WHAT YOU WILL DO:
Copy each entry precisely as written, and do not carry over the pictures.

Items listed in a dataset
::::::::::

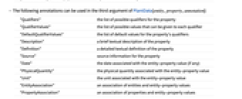 "Qualifiers" the list of possible qualifiers for the property "QualifierValues" the list of possible values that can be given to each qualifier "DefaultQualifierValues" the list of default values for the property's qualifiers "Description" a brief textual description of the property "Definition" a detailed textual definition of the property "Source" source information for the property "Date" the date associated with the entity-property value (if any) "PhysicalQuantity" the physical quantity associated with the entity-property value "Unit" the unit associated with the entity-property value "EntityAssociation" an association of entities and entity-property values "PropertyAssociation" an association of properties and entity-property values - If a function is provided as an annotation, it will be used to aggregate the result data. Typical aggregation functions include:
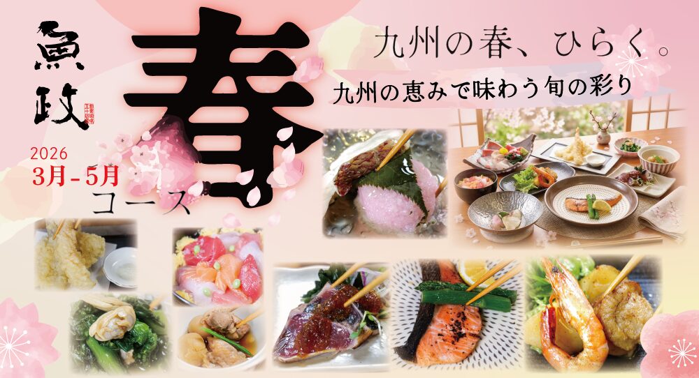 魚政の春コースは、桜鯛・菜の花・筍など九州の春食材を使った季節限定の会席料理です。
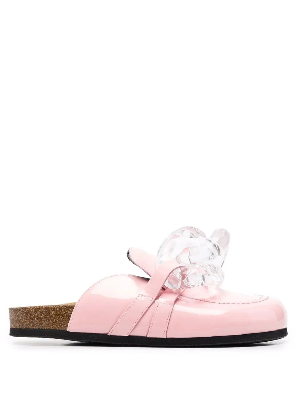 Chain loafer mules First seen in the Autumn Winter '20 runway show, these loafer mules from JW Anderson combine both style and comfort. Crafted from pink leather, the slip-on pair are punctuated by the oversized chain-link detail. Imported Composition Lining: Sheepskin 100% Sole: Rubber 100% Outer: Calf Leather 100% SIZE & FIT Measurement HEEL 0.78 in(2 cm) Sole height 0.59 in(1.5 cm)
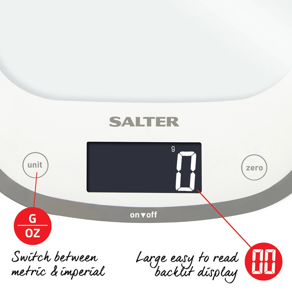 Elegantie un praktiskie Salter Curve elektroniskie svari ir arī lielisks mērtrauku aizstājējs, izmantojot funkciju Aquatronic.
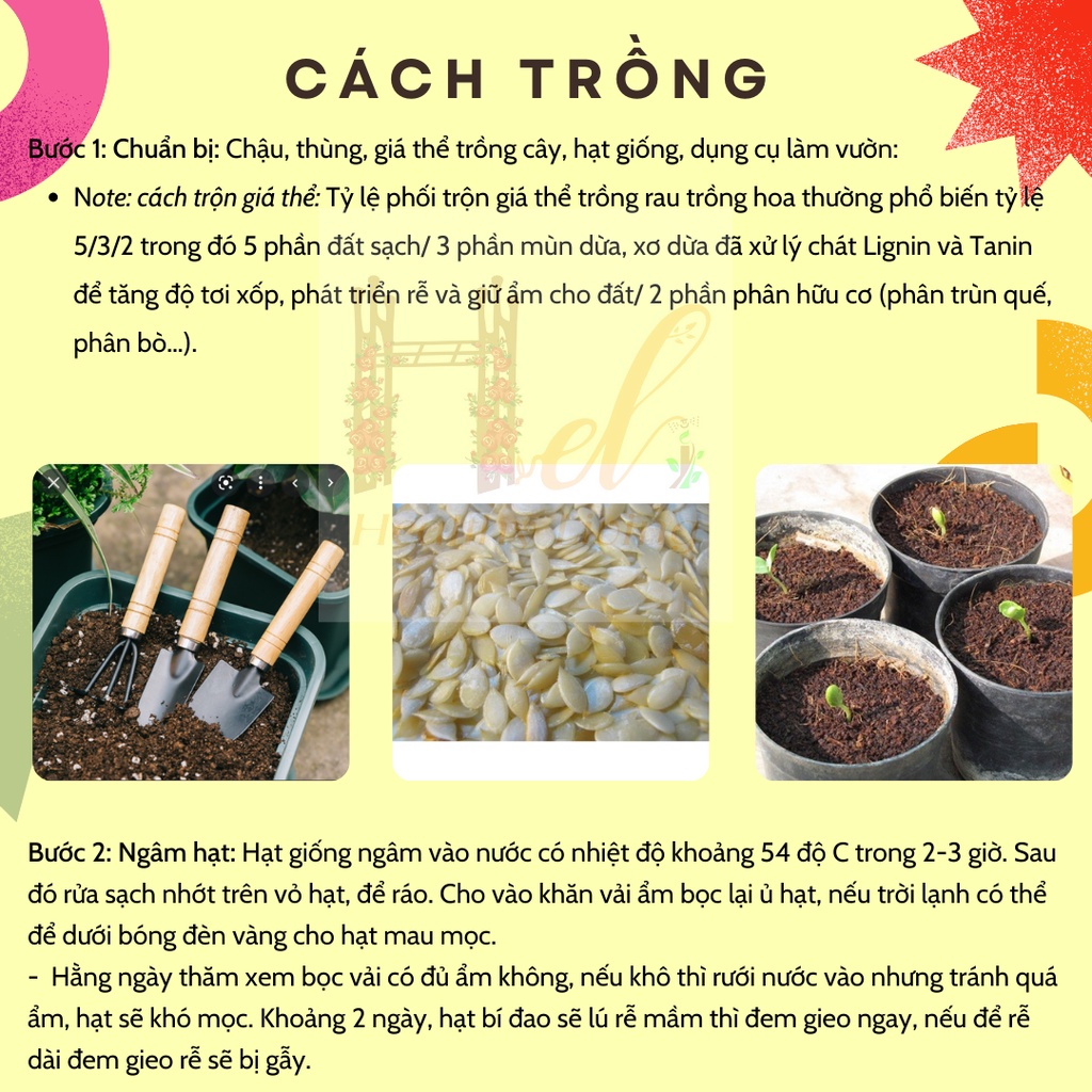 - Hạt có thể gieo trực tiếp xuống đất, rồi phủ đất có trộn phân chuồng. Tuy nhiên, ngâm ủ hạt trước khi gieo thì tỷ lệ nảy mầm sẽ cao hơn.

::::::::::

REPLY:
 "Qualifiers" the list of possible qualifiers for the property "QualifierValues" the list of possible values that can be given to each qualifier "DefaultQualifierValues" the list of default values for the property's qualifiers "Description" a brief textual description of the property "Definition" a detailed textual definition of the property "Source" source information for the property "Date" the date associated with the entity-property value (if any) "PhysicalQuantity" the physical quantity associated with the entity-property value "Unit" the unit associated with the entity-property value "EntityAssociation" an association of entities and entity-property values "PropertyAssociation" an association of properties and entity-property values - If a function is provided as an annotation, it will be used to aggregate the result data. Typical aggregation functions include:
 魚政の春コースは、桜鯛・菜の花・筍など九州の春食材を使った季節限定の会席料理です。
 Chain loafer mules First seen in the Autumn Winter '20 runway show, these loafer mules from JW Anderson combine both style and comfort. Crafted from pink leather, the slip-on pair are punctuated by the oversized chain-link detail. Imported Composition Lining: Sheepskin 100% Sole: Rubber 100% Outer: Calf Leather 100% SIZE & FIT Measurement HEEL 0.78 in(2 cm) Sole height 0.59 in(1.5 cm)
 Elegantie un praktiskie Salter Curve elektroniskie svari ir arī lielisks mērtrauku aizstājējs, izmantojot funkciju Aquatronic.
 - Hạt có thể gieo trực tiếp xuống đất, rồi phủ đất có trộn phân chuồng. Tuy nhiên, ngâm ủ hạt trước khi gieo thì tỷ lệ nảy mầm sẽ cao hơn.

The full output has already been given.